As long as Disney keeps making new Star Wars content, there's more room to make supplements for. All the High Republic stuff coming this year, more TV series, eventual movies in a few years (there's still one on their slate for 2022 or 2023). We might not get anything for awhile but I could see something next year around the High Republic stuff.

Generally speaking, I'm really starting to dislike Asmodee.


----------



## Cergorach (Mar 11, 2020)

Edge Entertainment has a long history with FFG, they have done many of the French/Spanish translations/publishing for FFG products, and in turn FFG did the English translations/publishing of the Anima games. So there already was a strong relationship before the buyouts by Asmodee.

EE does have experience in making their own RPG(s), but they are far and few between (Anima being the one that is most well known). EE is only 4 years younger then FFG. Imho translating RPGs is a lot closer to making your own RPGs then compared to say... Making boardgames is related to RPGs, FFGs origin... A lot of writing, art, and rules development is outsourced to freelancers by most, but the largest publishers. I suspect that this will happen here as well. Most of what we now call 'top' tier writers/developers started as freelancers one way or another. How consistent were the writers across the FFG SW books? I know that across the D20 books it wasn't.

As others have mentioned, I don't expect a lot of core products for these lines, unless FFG renews the SW license. Which I really doubt... X-wing 2E lost a LOT of players, the secondary market is full of great deals of 1E ships with 2E upgrades. Destiny and Imperial Assault were killed, the LCG, Rebellion and Outer RIm haven't had expansions in a long time. That pretty much leaves Legion, Armada, and X-wing 2E as product lines... FFG has a history of dropping IPs when they don't perform like they should. Moving the RPGs to EE does keep them on life support.

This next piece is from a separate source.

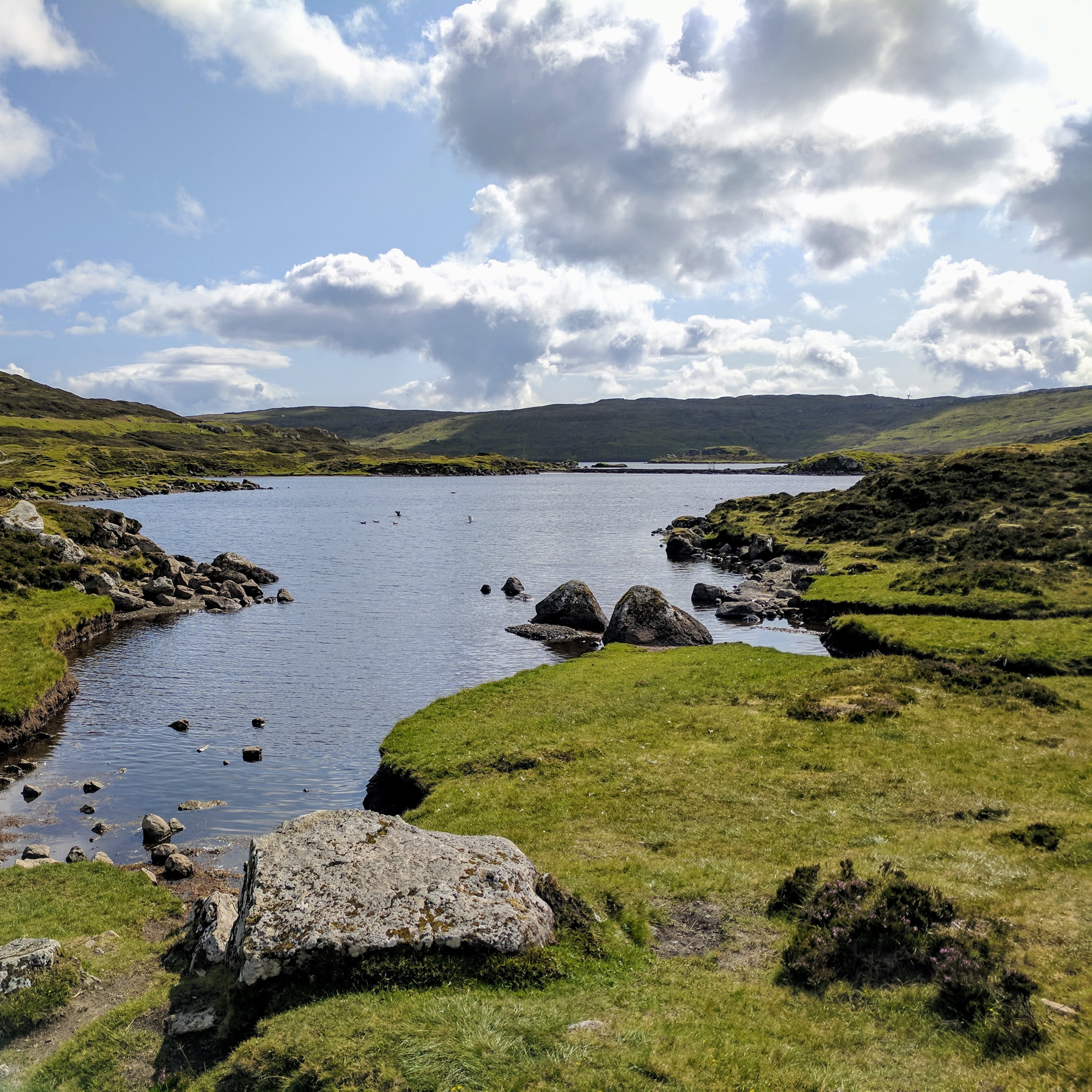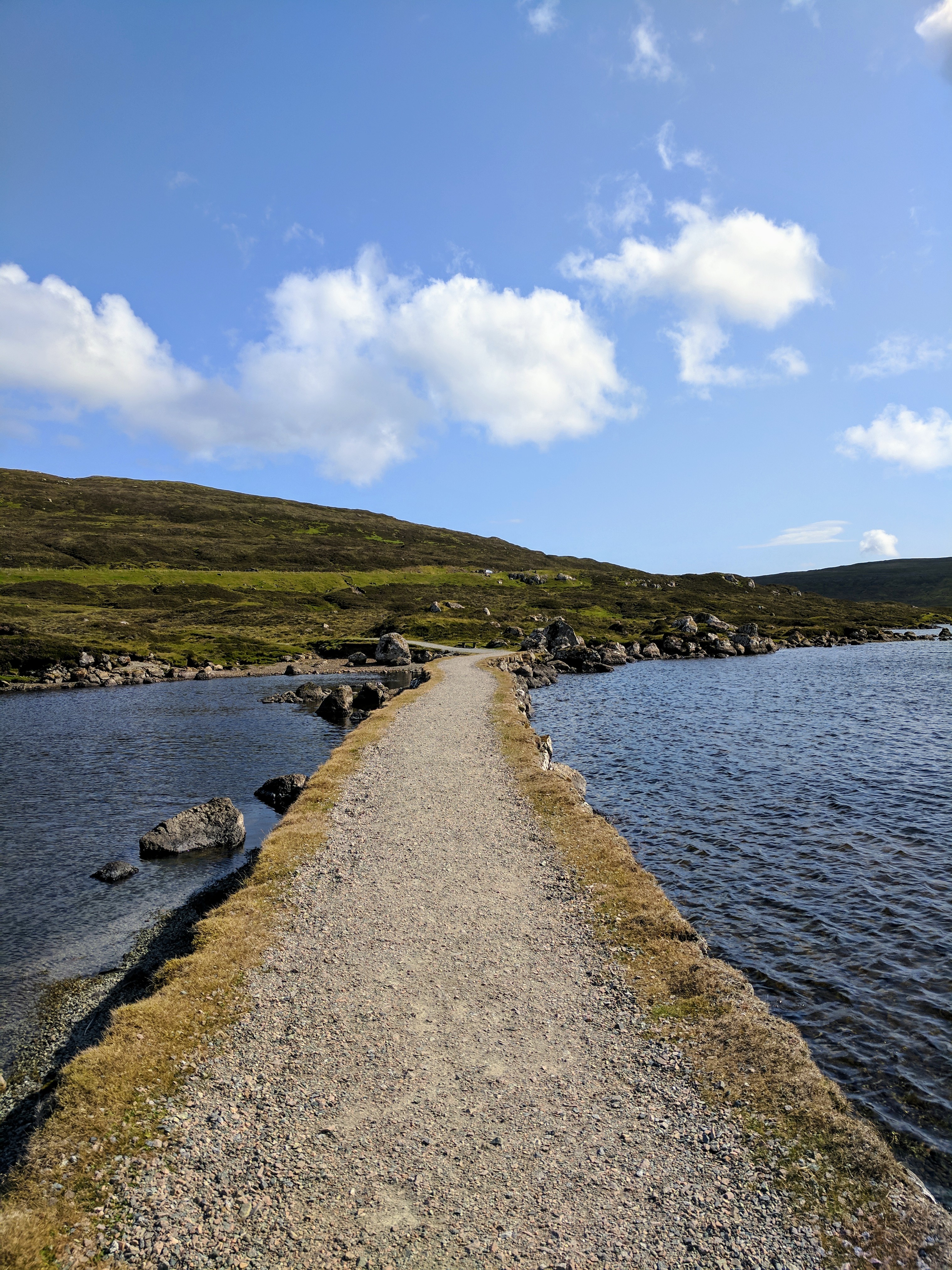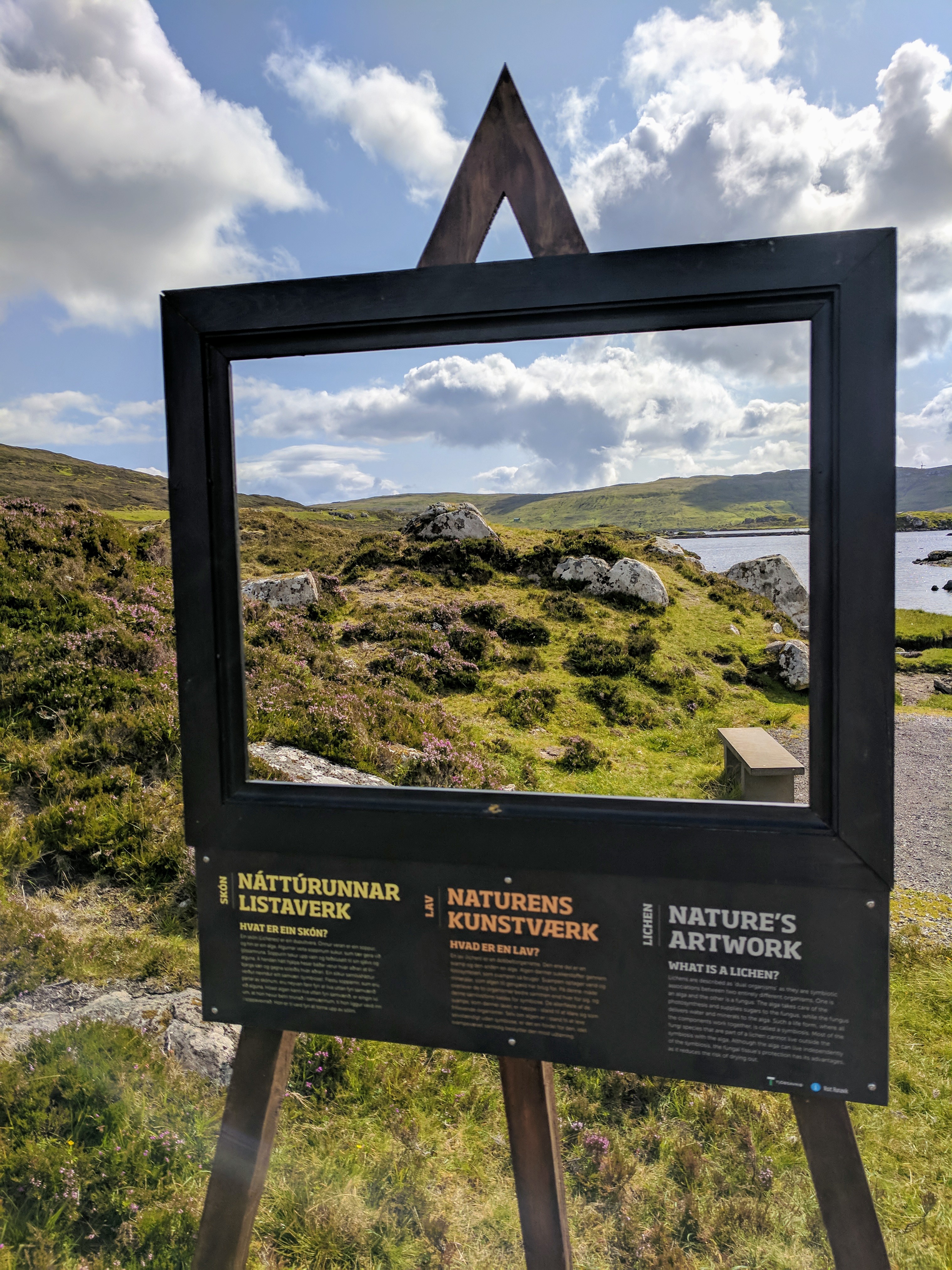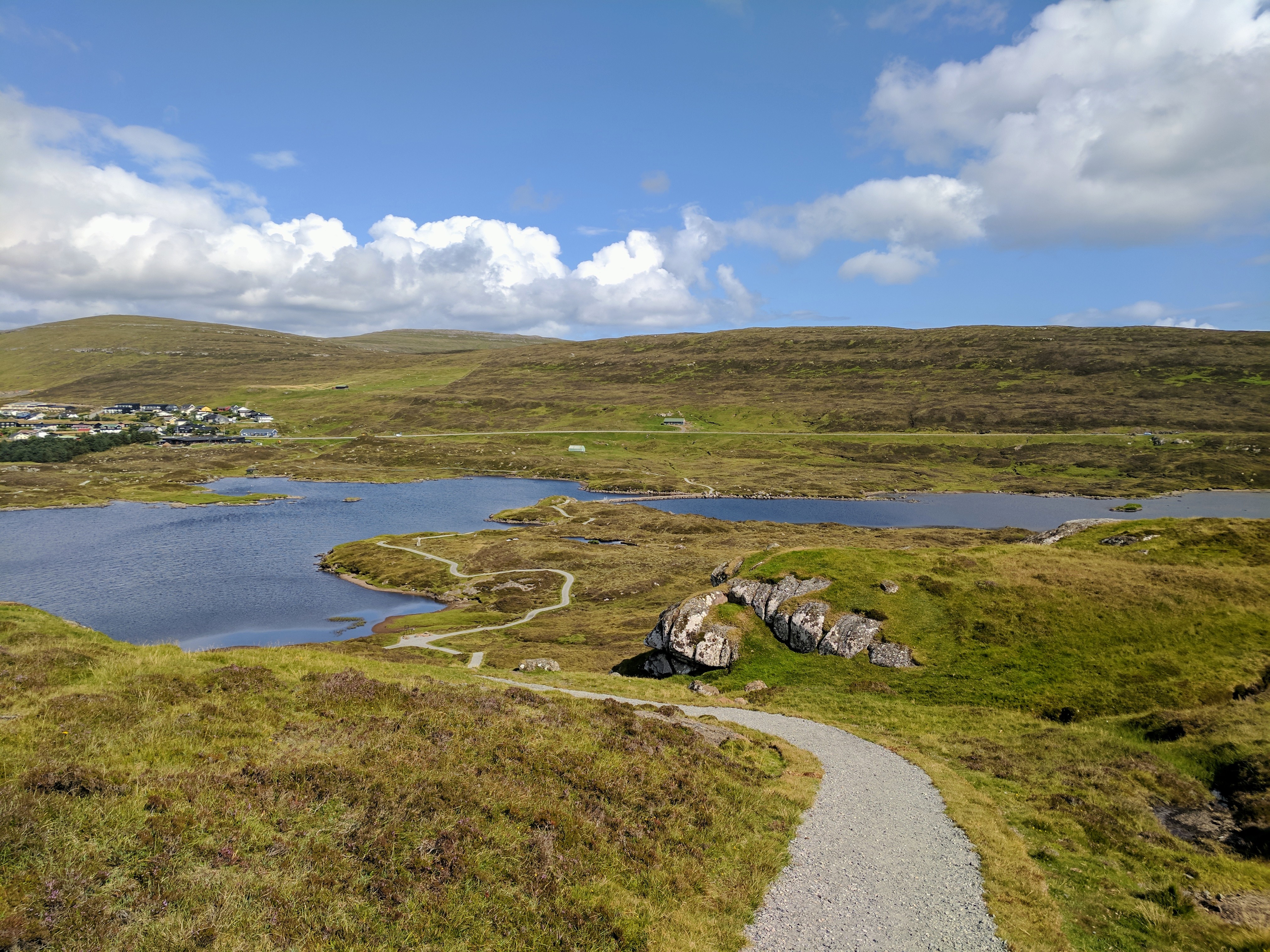 After just a few feet the path met up with a dirt path going left and right but there was nothing going straight (as our directions clearly stated). As with the day before, there was simply no trail and no footsteps going up. We walked along the side path in both directions, thinking maybe we’d see something, but all we saw were some really funny looking sheep. We found out later that the orange buoy around its neck meant the sheep was a trouble-maker, probably one that repeatedly tried to jump the fence. The fact that he was half-sheared really didn’t help his image.Having failed to locate the trail (because THERE WASN’T ONE), we opted to walk a nature preserve in Runavík instead. The nature preserve was called Vistarheimið on Google Maps, and the only place we could see to park was at a sports complex on the main road. Like Kunoy Park, this was a hidden gem that seemed to be completely off the tourist radar. We loved it! It was an easy flat path around Lake Toftavatn, with an alternate option to trek up a hill to see the pride of the Faroese — their new international football stadium.

Genesys and Lot5R RPGs might suffer the same fate, life support, support... ;-)

Personally I think that liking or disliking companies is a foolish endeavor. They tend to change employees, owners, etc. Instead like or dislike individual products, because even if the previous ones were good, there is no guarantee the next ones will be as good...


----------



## Von Ether (Mar 11, 2020)

ActiveNick said:


> See my post above. If they focused on new sourcebooks that combined a location, species, enemies, NPCs, creatures, gear, + a full adventure in said location, they would still have ideas for years to come, even if they only published 2-3 books per year. No rules bloat, just more content, and it would appeal to both players and GMs.




That sounds good at the start of it, but once you wrap up the famous planets, your future sales would taper off dramatically into a smaller but more hard core group. And the challenge will be trying to keep the "new but was always there" planets fresh. We would already have two jungle planets (Endor and Kashyyyk) and two desert planets (Tatooine and Jakku), coming up with the third and fourth ones will be a bit trickier without a call back.

OTH, doing the WotC thing of 3 books a year would draw that out for a time. The question is the famous "If you can keep 1,000 fans happy, can you make a profit?"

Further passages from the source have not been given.